**Aim of the task**. Copy the entries below exactly; any picture among them should be left out.

[Items from a dataset]
++++++++++++++++++++

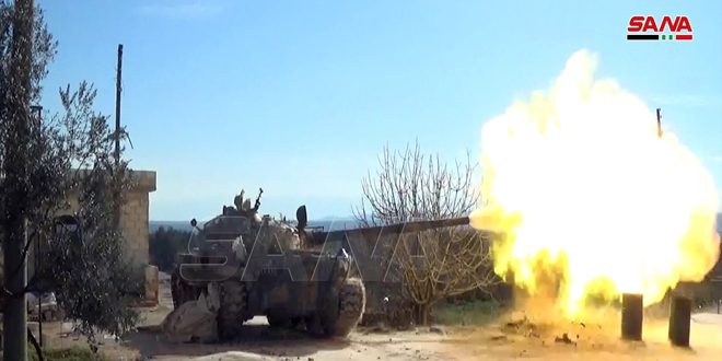 Idleb-SANA/ Des unités de l’armée arabe syrienne ont poursuivi leurs opérations militaires et leur progression dans la banlieue sud d’Idleb après avoir repoussé les attaques des terroristes soutenus par les forces du régime turc.
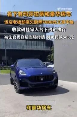 不要个脸了!上海一饭店老板名下有玛莎拉蒂和豪华房车,却拖欠厨师7000元工资不给,依法拘传后,当场付清工资。 昨天,上海一家饭店的老板吴某被法官堵在了自己的厨房里。之前,他名下有玛莎拉蒂和豪华房车,却一直拖着厨师7000块的工资不给。为了躲债,他甚至还把店里的收款码挂到了家人名下,想着这样法院就查不到、扣不了他的钱。 这案子到了法院,法官打电话给他核实情况。吴某在电话那头信誓旦旦地说,自己人在浙江舟山,正忙着进海鲜呢,一时半会回不去。结果话音落下没多久,执行法官直接来到他的饭店,正好撞见他本人在店里指挥备菜,忙得“不亦乐乎”。 这谎撒的当场被戳穿,法官可没客气,依法将他拘传。到了法院,在法律的威慑下,吴某再也“硬气”不起来了,当场就把欠厨师的7000元工资结清了。 鉴于他付清了钱,认错态度也还行,法院提前解除了原本对他作出的十日司法拘留决定,但另外罚了他500块钱。这事算是个警钟,告诉大家法律的执行力是实实在在的。 一边是百万豪车开着,一边是连几千块的工钱都要赖掉,这对比也太刺眼了。对于辛苦干活的厨师来说,7000块可能就是等着交的房租、孩子的学费、一家老小的生活费。这位老板的行为,寒的是干活人的心。 不过话说回来,这次法院的处理真的很给力。从法官“突击”饭店抓现行,到让他马上掏钱,整个过程雷厉风行。这也应了最近最高法开会强调的,对于拖欠工资这类民生案子,要“依法快调、快审、快判、快执”。看来这话不是白说的,基层法院确实在这么做,让老百姓能看到“纸上判决”快速变成“真金白银”。 为法官点赞!对付这种人就得这样,不给他点实质性的教训,他下次还敢。
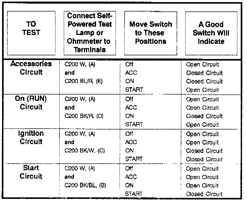 Ignition Switch Testing Procedure:
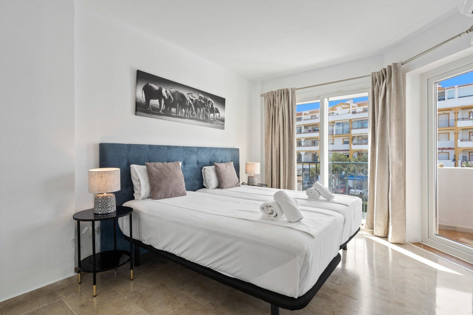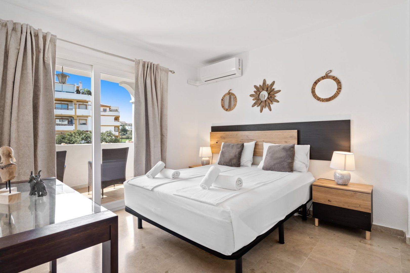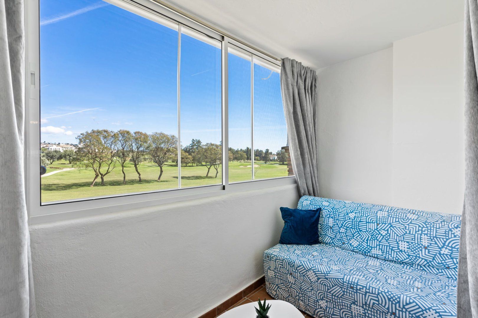Positioned a short drive from Boliches Beach and the bars and restaurants of Fuengirola, this no-fuss apartment with golf course views is a great choice for all types of travellers. The private balcony encourages dining or relaxing alfresco, and when you need to cool off, there’s a communal pool on the premises. At capacity, two guests will sleep on the sofa bed in the living area – something to note if you are looking for a place with ample room for socialising.
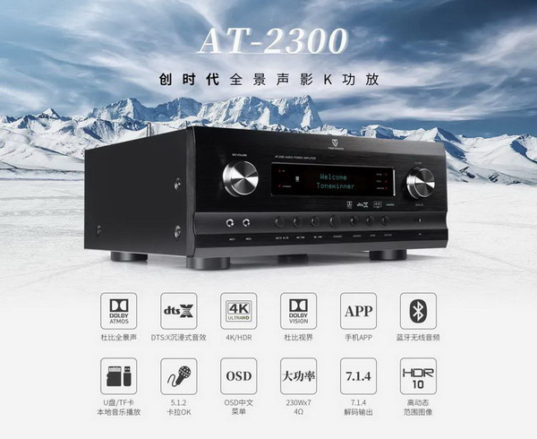 而家庭影院領域,更是突破了國內影音技術瓶頸,推出全景聲影K產品,如AT-2300、AD-7300HD、AT-200、HD-3100等,極具競爭力的產品,多項功能是創新設計,無論是技術還是功能上,都領先于國內同行,也廣受市場好評。
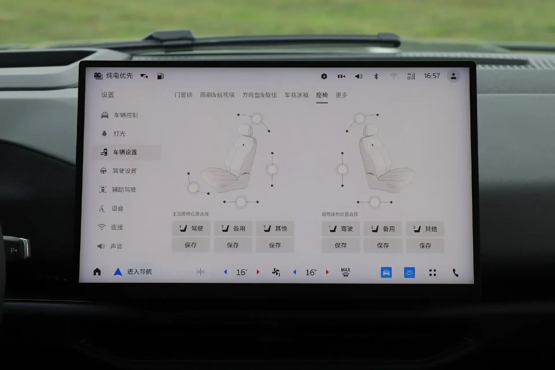 舒适便捷方面,在标配256色主动氛围灯、带负离子净化的双温区空调以及带前排加热/通风的电动记忆座椅的情况下,智趣烈马座椅也实现了全真皮覆盖,并为前排提供按摩、为二排提供加热功能。再加上21扬声器音响、方向盘加热等功能,这样的配套设施已经不算豪华,但还是那句话——能跟上高端国产的主流水平。
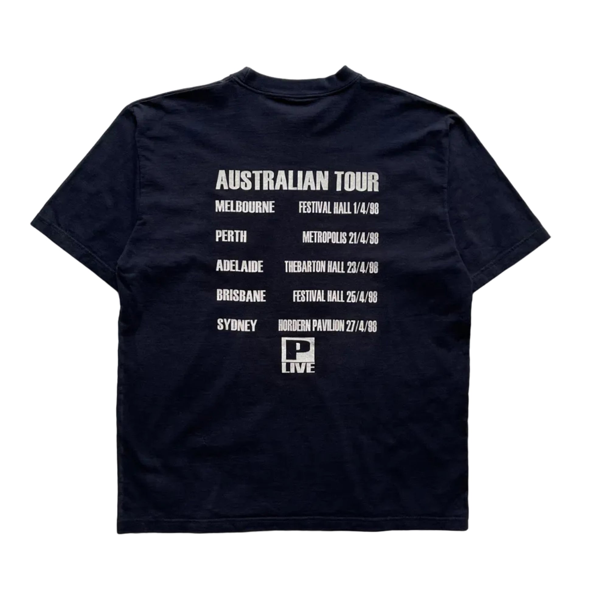 1998 Portishead T-shirt featuring a bold “PORTISHEAD P LIVE” graphic printed on the front. The back lists the 1998 Australian Tour dates including Melbourne, Perth, Adelaide, Brisbane, and Sydney with venue details.
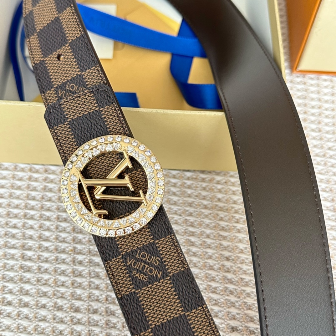 Louis Vuitton Women’s Diamonds Nautical Buckle Reversible Belt In Black/Brown Calfskin And Damier Canvas With Gold/Silver Hardware 35mm
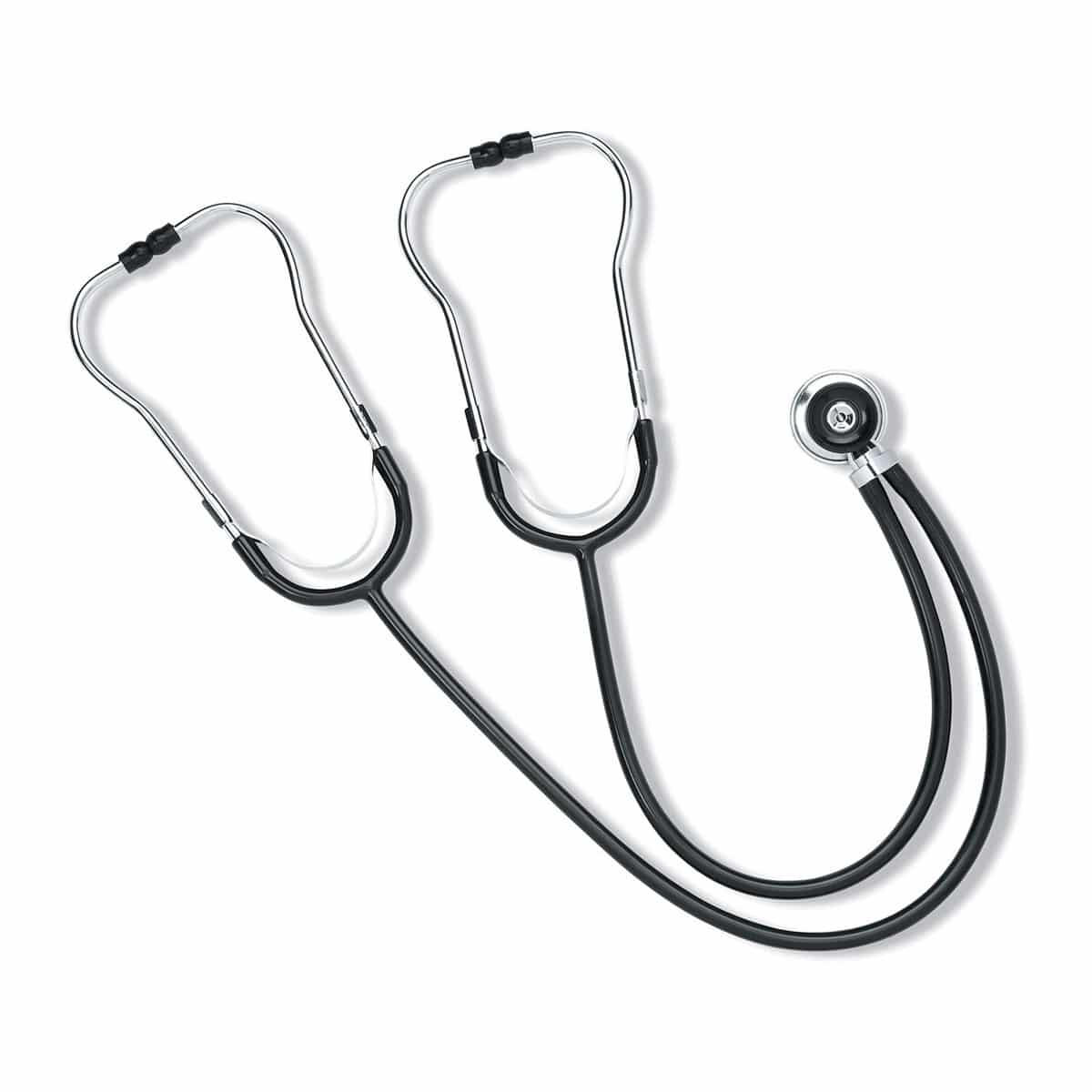 The Dual Head Teaching Stethoscope is designed for teaching purposes. The stethoscope itself features two bin-aural headsets to a single headpiece that allow both the teacher and student to listen to heart and chest sounds at the same time.
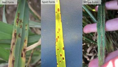 Фунгициды, используемые во время основного опрыскивания, могут защитить посевы от сетчатой пятнистости.
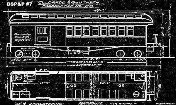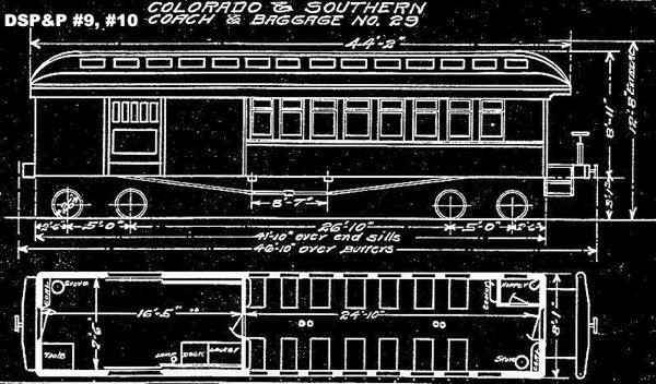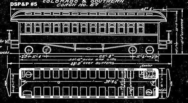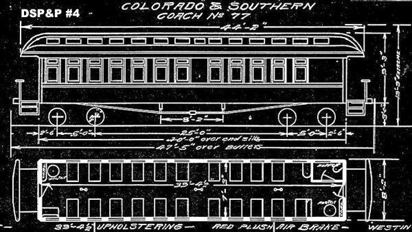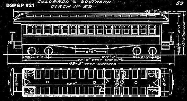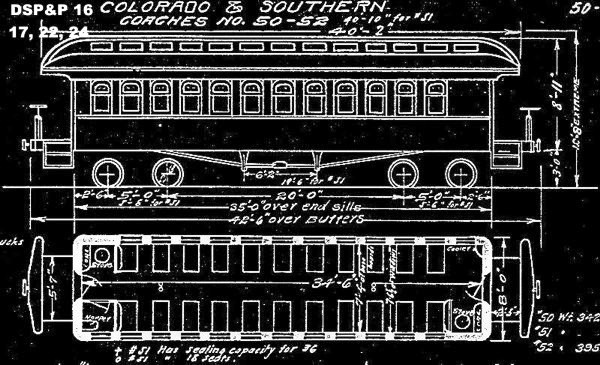 The first coach, DSP&P #2 "Denver" arrived in 1874 along with DSP&P #1 "Auraria", a combine. There are no photos of these in their early years, but combine #1 survived into the C&S era and a folio drawing shows it to be 34' 9" feet over the body end sills. There were 12 windows to a side with 11 rows of seats, probably 2+1 configuration.
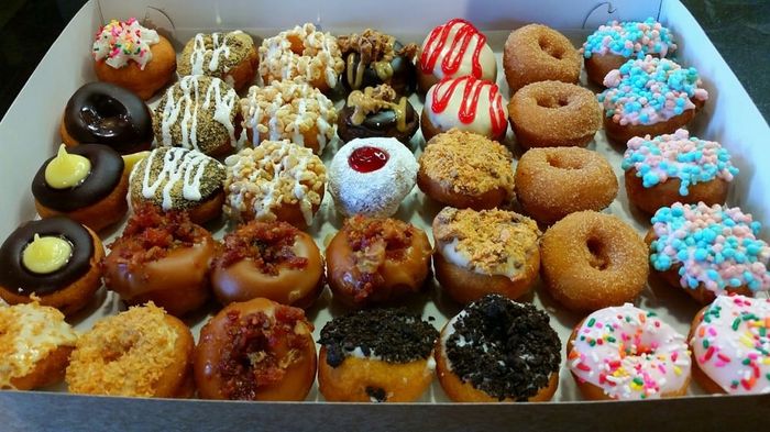 What's everyone doing for dessert? FH really does not want a traditional cake. We are thinking of doing a small cutting cake with either a table of different desserts, or gourmet donuts. FH LOVES this donut place where we would get the gourmet donuts from and would probably do something like the picture. My mom hates this idea and thinks donuts are not appropriate for a wedding. Thoughts? As a guest, would you be disappointed with donuts?

++++++++++++++++++++

**Response below**.
 Idleb-SANA/ Des unités de l’armée arabe syrienne ont poursuivi leurs opérations militaires et leur progression dans la banlieue sud d’Idleb après avoir repoussé les attaques des terroristes soutenus par les forces du régime turc.
 不要个脸了!上海一饭店老板名下有玛莎拉蒂和豪华房车,却拖欠厨师7000元工资不给,依法拘传后,当场付清工资。 昨天,上海一家饭店的老板吴某被法官堵在了自己的厨房里。之前,他名下有玛莎拉蒂和豪华房车,却一直拖着厨师7000块的工资不给。为了躲债,他甚至还把店里的收款码挂到了家人名下,想着这样法院就查不到、扣不了他的钱。 这案子到了法院,法官打电话给他核实情况。吴某在电话那头信誓旦旦地说,自己人在浙江舟山,正忙着进海鲜呢,一时半会回不去。结果话音落下没多久,执行法官直接来到他的饭店,正好撞见他本人在店里指挥备菜,忙得“不亦乐乎”。 这谎撒的当场被戳穿,法官可没客气,依法将他拘传。到了法院,在法律的威慑下,吴某再也“硬气”不起来了,当场就把欠厨师的7000元工资结清了。 鉴于他付清了钱,认错态度也还行,法院提前解除了原本对他作出的十日司法拘留决定,但另外罚了他500块钱。这事算是个警钟,告诉大家法律的执行力是实实在在的。 一边是百万豪车开着,一边是连几千块的工钱都要赖掉,这对比也太刺眼了。对于辛苦干活的厨师来说,7000块可能就是等着交的房租、孩子的学费、一家老小的生活费。这位老板的行为,寒的是干活人的心。 不过话说回来,这次法院的处理真的很给力。从法官“突击”饭店抓现行,到让他马上掏钱,整个过程雷厉风行。这也应了最近最高法开会强调的,对于拖欠工资这类民生案子,要“依法快调、快审、快判、快执”。看来这话不是白说的,基层法院确实在这么做,让老百姓能看到“纸上判决”快速变成“真金白银”。 为法官点赞!对付这种人就得这样,不给他点实质性的教训,他下次还敢。
 Ignition Switch Testing Procedure:
Positioned a short drive from Boliches Beach and the bars and restaurants of Fuengirola, this no-fuss apartment with golf course views is a great choice for all types of travellers. The private balcony encourages dining or relaxing alfresco, and when you need to cool off, there’s a communal pool on the premises. At capacity, two guests will sleep on the sofa bed in the living area – something to note if you are looking for a place with ample room for socialising.
 而家庭影院領域,更是突破了國內影音技術瓶頸,推出全景聲影K產品,如AT-2300、AD-7300HD、AT-200、HD-3100等,極具競爭力的產品,多項功能是創新設計,無論是技術還是功能上,都領先于國內同行,也廣受市場好評。
 舒适便捷方面,在标配256色主动氛围灯、带负离子净化的双温区空调以及带前排加热/通风的电动记忆座椅的情况下,智趣烈马座椅也实现了全真皮覆盖,并为前排提供按摩、为二排提供加热功能。再加上21扬声器音响、方向盘加热等功能,这样的配套设施已经不算豪华,但还是那句话——能跟上高端国产的主流水平。
 1998 Portishead T-shirt featuring a bold “PORTISHEAD P LIVE” graphic printed on the front. The back lists the 1998 Australian Tour dates including Melbourne, Perth, Adelaide, Brisbane, and Sydney with venue details.
 Louis Vuitton Women’s Diamonds Nautical Buckle Reversible Belt In Black/Brown Calfskin And Damier Canvas With Gold/Silver Hardware 35mm
 The Dual Head Teaching Stethoscope is designed for teaching purposes. The stethoscope itself features two bin-aural headsets to a single headpiece that allow both the teacher and student to listen to heart and chest sounds at the same time.
 Фунгициды, используемые во время основного опрыскивания, могут защитить посевы от сетчатой пятнистости.
 The first coach, DSP&P #2 "Denver" arrived in 1874 along with DSP&P #1 "Auraria", a combine. There are no photos of these in their early years, but combine #1 survived into the C&S era and a folio drawing shows it to be 34' 9" feet over the body end sills. There were 12 windows to a side with 11 rows of seats, probably 2+1 configuration.
 What's everyone doing for dessert? FH really does not want a traditional cake. We are thinking of doing a small cutting cake with either a table of different desserts, or gourmet donuts. FH LOVES this donut place where we would get the gourmet donuts from and would probably do something like the picture. My mom hates this idea and thinks donuts are not appropriate for a wedding. Thoughts? As a guest, would you be disappointed with donuts?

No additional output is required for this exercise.